Members of the Privacy Coalition represent a wide swath of the American political and social spectrum, ranging from the liberal American Civil Liberties Union to the conservative Free Congress Foundation. The Patient Privacy Rights Foundation and the World Privacy Forum, familiar participants in healthcare information technology privacy debates, are members of the coalition, as are such diverse groups as the American Library Association, Consumers Union, Eagle Forum, National Rifle Association, United Auto Workers union and the U.S. Public Interest Research Group. EPIC, a coalition member and medical privacy advocate, in 2007 filed a “friend of the court” brief supporting a New Hampshire state law banning the sale of prescriber-identified prescription drug information for data-mining and the marketing of prescription drugs to physicians. The federal courts upheld the ban.
EPIC was more enamored of Obama's medical privacy protection efforts than some other organizations represented at the news conference, and far more so than participants in an open, Web-based poll. For its medical privacy efforts so far, the administration earned an A- from EPIC.
That relatively high mark came largely because the Obama administration has appointed medical-privacy advocates to government committees, while under the Bush administration they were “completely frozen out,” and because the American Recovery and Reinvestment Act of 2009, which Obama signed into law in February, contains some significant new privacy protections, according to EPIC Associate Director Lillie Coney.
“The reason why we've released the report card today is because of the legacy of the Bush administration,” Coney said during a telephone news briefing. “The nation expressed a need for a change in the election.”
Coney said EPIC chose to give the Obama administration “full credit” for the privacy measures in the stimulus law, which include a ban on the sale of healthcare information, a federal breach-notification requirement, more elaborate privacy audit report requirements, the closure of the Bradbury loophole for the criminal prosecution of violators under the Health Insurance Portability and Accountability Act and stiffer penalties for HIPAA violators.
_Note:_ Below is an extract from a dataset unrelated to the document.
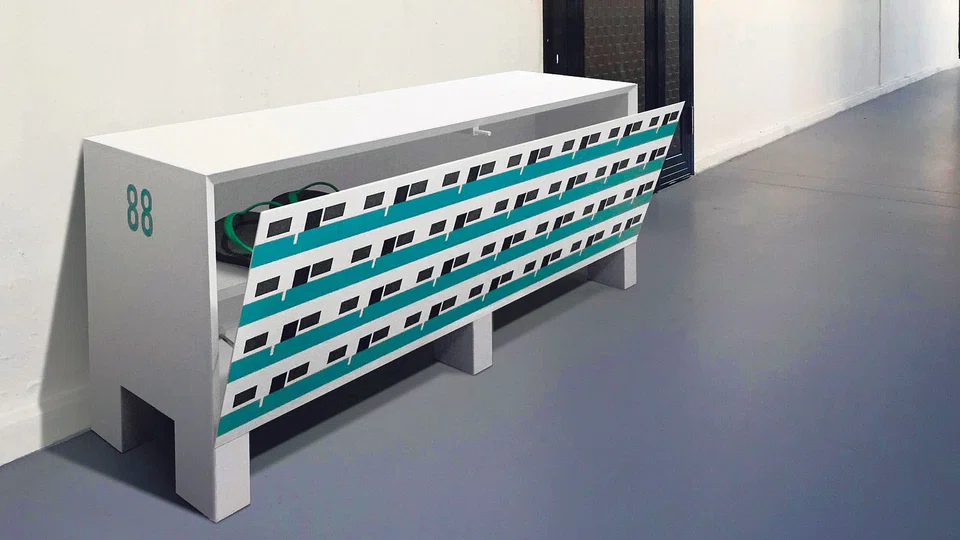 The colourful blocks of flats at Rochor inspired designers from advertising agency DDB Singapore, Joel Chin, Elmy Thong and Neil Johnson, who have designed a shoe rack. Mr Chin says: "This shoe rack was designed to have a distinct Singapore flavour. Also, HDB corridors tend to be cluttered with shoes and makeshift racks. We hope that ours will be used to create a more organised passageway for residents." Every purchase comes with a pack of Singapore flag stickers, which can be used to decorate the shoe rack. Each piece is made-to-order, comes in blue, orange and red and can be customised to include a block and unit number.

Prior to privacy amendments in the stimulus act, “The HIPAA rule that was in place for several years did not establish as strong of (a) privacy protection as should have been in place,” Coney said.
Despite the high mark, EPIC left some room for the Obama administration to improve its grade by fully implementing the stimulus law's protections. “It is yet to be seen how those safeguards will be implemented,” she said.
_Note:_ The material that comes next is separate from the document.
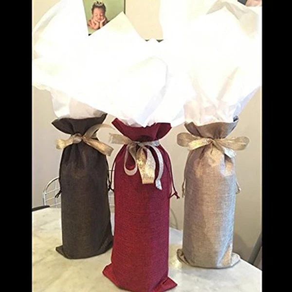 Материал: Эти мешочки для вина из мешковины изготовлены из льна + нейлона.

Others in the coalition were less generous in grading Obama's privacy performance.
One of them was Michael Ostrolenk, the national director and co-founder of the Liberty Coalition, a Washington-based organization devoted to “preserving the Bill of Rights, personal autonomy and individual privacy,” according to a mission statement on its Web site. Ostrolenk also serves as an advisor to the Association of American Physicians and Surgeons.
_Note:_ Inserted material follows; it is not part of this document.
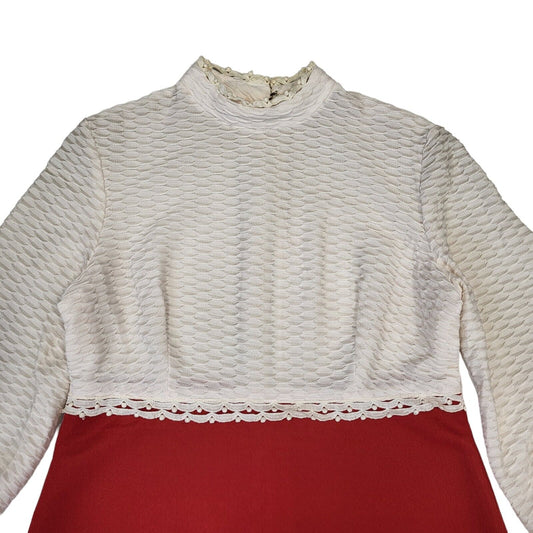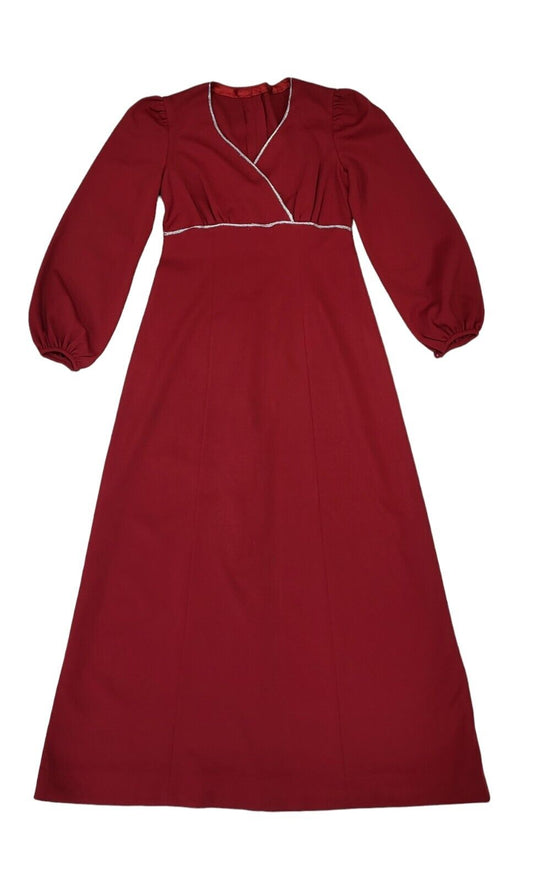 70s Vintage Red Silver Trim Long Sleeve Maxi Dress Women's Size 12

Ostrolenk said he gave the administration a D+ for medical privacy, affording it only partial credit for the stimulus law provisions prohibiting the sale of medical data and a requirement for breach notification he said was of “limited” use. Part of the problem, Ostrolenk said, is HIPAA, the key federal health information privacy law, also affords only limited privacy protections.
“HIPAA is really a disclosure rule,” Ostrolenk said. If the Obama administration were serious about privacy it would support H.R. 2630, legislation introduced earlier this year by Rep. Ron Paul (R-Texas), which would allow individuals to opt out of any federally mandated, created or funded electronic health-record system, and require a record-keeper to obtain the informed consent of a patient before his or her electronic medical records could be shared.
Visitors to the Privacy Coalition and EPIC Web sites, however, were even tougher on the president than Ostrolenk.
A majority of respondents to a poll on both sites handed Obama failing grades across the board on medical privacy, consumer privacy, civil liberties and cyber-security.
For medical privacy, 61% of poll respondents gave the administration an “F”.